深入理解MongoDB的复合索引

为什么需要索引？

当你抱怨MongoDB集合查询效率低的时候，可能你就需要考虑使用索引了，为了方便后续介绍，先科普下MongoDB里的索引机制（同样适用于其他的数据库比如mysql）。

mongo-9552:PRIMARY> db.person.find()
{ "_id" : ObjectId("571b5da31b0d530a03b3ce82"), "name" : "jack", "age" : 19 }
{ "_id" : ObjectId("571b5dae1b0d530a03b3ce83"), "name" : "rose", "age" : 20 }
{ "_id" : ObjectId("571b5db81b0d530a03b3ce84"), "name" : "jack", "age" : 18 }
{ "_id" : ObjectId("571b5dc21b0d530a03b3ce85"), "name" : "tony", "age" : 21 }
{ "_id" : ObjectId("571b5dc21b0d530a03b3ce86"), "name" : "adam", "age" : 18 }

当你往某各个集合插入多个文档后，每个文档在经过底层的存储引擎持久化后，会有一个位置信息，通过这个位置信息，就能从存储引擎里读出该文档。

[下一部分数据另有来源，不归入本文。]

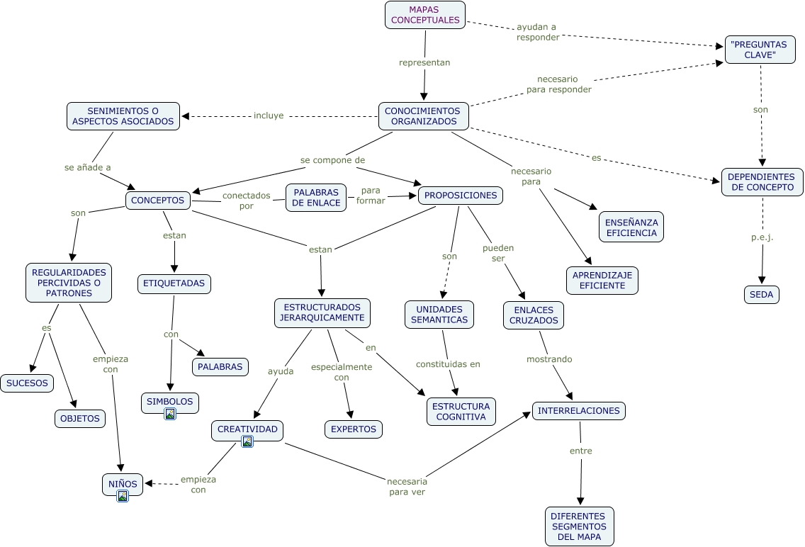 Este Cmap, tiene información relacionada con: MAPAS CONCEPTUALES 2, ESTRUCTURADOS JERARQUICAMENTE especialmente con EXPERTOS, CONOCIMIENTOS ORGANIZADOS necesario para responder "PREGUNTAS CLAVE", ESTRUCTURADOS JERARQUICAMENTE en ESTRUCTURA COGNITIVA, CONOCIMIENTOS ORGANIZADOS necesario para APRENDIZAJE EFICIENTE, CONOCIMIENTOS ORGANIZADOS incluye SENIMIENTOS O ASPECTOS ASOCIADOS, ETIQUETADAS con PALABRAS, CONCEPTOS estan ETIQUETADAS, CONOCIMIENTOS ORGANIZADOS necesario para ENSEÑANZA EFICIENCIA, ESTRUCTURADOS JERARQUICAMENTE ayuda CREATIVIDAD, SENIMIENTOS O ASPECTOS ASOCIADOS se añade a CONCEPTOS, CONOCIMIENTOS ORGANIZADOS se compone de CONCEPTOS, DEPENDIENTES DE CONCEPTO p.e.j. SEDA, "PREGUNTAS CLAVE" son DEPENDIENTES DE CONCEPTO, CONCEPTOS estan ESTRUCTURADOS JERARQUICAMENTE, CREATIVIDAD empieza con NIÑOS, REGULARIDADES PERCIVIDAS O PATRONES es SUCESOS, ETIQUETADAS con SIMBOLOS, REGULARIDADES PERCIVIDAS O PATRONES es OBJETOS, MAPAS CONCEPTUALES representan CONOCIMIENTOS ORGANIZADOS, PROPOSICIONES estan ESTRUCTURADOS JERARQUICAMENTE

比如mmapv1引擎里，位置信息是『文件id + 文件内offset 』，在wiredtiger存储引擎（一个KV存储引擎）里，位置信息是wiredtiger在存储文档时生成的一个key，通过这个key能访问到对应的文档；为方便介绍，统一用pos(position的缩写)来代表位置信息。

什么是复合索引？

复合索引，即Compound Index，指的是将多个键组合到一起创建索引，这样可以加速匹配多个键的查询。不妨通过一个简单的示例理解复合索引。

students集合如下：

db.students.find().pretty()
{
 "_id" : ObjectId("5aa7390ca5be7272a99b042a"),
 "name" : "zhang",
 "age" : "15"
}
{
 "_id" : ObjectId("5aa7393ba5be7272a99b042b"),
 "name" : "wang",
 "age" : "15"
}
{
 "_id" : ObjectId("5aa7393ba5be7272a99b042c"),
 "name" : "zhang",
 "age" : "14"
}

在name和age两个键分别创建了索引(_id自带索引)：

db.students.getIndexes()
[
 {
 "v" : 1,
 "key" : {
 "name" : 1
 },
 "name" : "name_1",
 "ns" : "test.students"
 },
 {
 "v" : 1,
 "key" : {
 "age" : 1
 },
 "name" : "age_1",
 "ns" : "test.students"
 }
]

当进行多键查询时，可以通过explian()分析执行情况(结果仅保留winningPlan)：

db.students.find({name:"zhang",age:"14"}).explain()
"winningPlan":
{
 "stage": "FETCH",
 "filter":
 {
  "name":
  {
   "$eq": "zhang"
  }
 },
 "inputStage":
 {
  "stage": "IXSCAN",
  "keyPattern":
  {
   "age": 1
  },
  "indexName": "age_1",
  "isMultiKey": false,
  "isUnique": false,
  "isSparse": false,
  "isPartial": false,
  "indexVersion": 1,
  "direction": "forward",
  "indexBounds":
  {
   "age": [
    "[\"14\", \"14\"]"
   ]
  }
 }
}

由winningPlan可知，这个查询依次分为IXSCAN和FETCH两个阶段。IXSCAN即索引扫描，使用的是age索引；FETCH即根据索引去查询文档，查询的时候需要使用name进行过滤。

为name和age创建复合索引：

db.students.createIndex({name:1,age:1})
db.students.getIndexes()
[
 {
 "v" : 1,
 "key" : {
 "name" : 1,
 "age" : 1
 },
 "name" : "name_1_age_1",
 "ns" : "test.students"
 }
]

有了复合索引之后，同一个查询的执行方式就不同了：

db.students.find({name:"zhang",age:"14"}).explain()
"winningPlan":
{
 "stage": "FETCH",
 "inputStage":
 {
  "stage": "IXSCAN",
  "keyPattern":
  {
   "name": 1,
   "age": 1
  },
  "indexName": "name_1_age_1",
  "isMultiKey": false,
  "isUnique": false,
  "isSparse": false,
  "isPartial": false,
  "indexVersion": 1,
  "direction": "forward",
  "indexBounds":
  {
   "name": [
    "[\"zhang\", \"zhang\"]"
   ],
   "age": [
    "[\"14\", \"14\"]"
   ]
  }
 }
}

由winningPlan可知，这个查询的顺序没有变化，依次分为IXSCAN和FETCH两个阶段。但是，IXSCAN使用的是name与age的复合索引；FETCH即根据索引去查询文档，不需要过滤。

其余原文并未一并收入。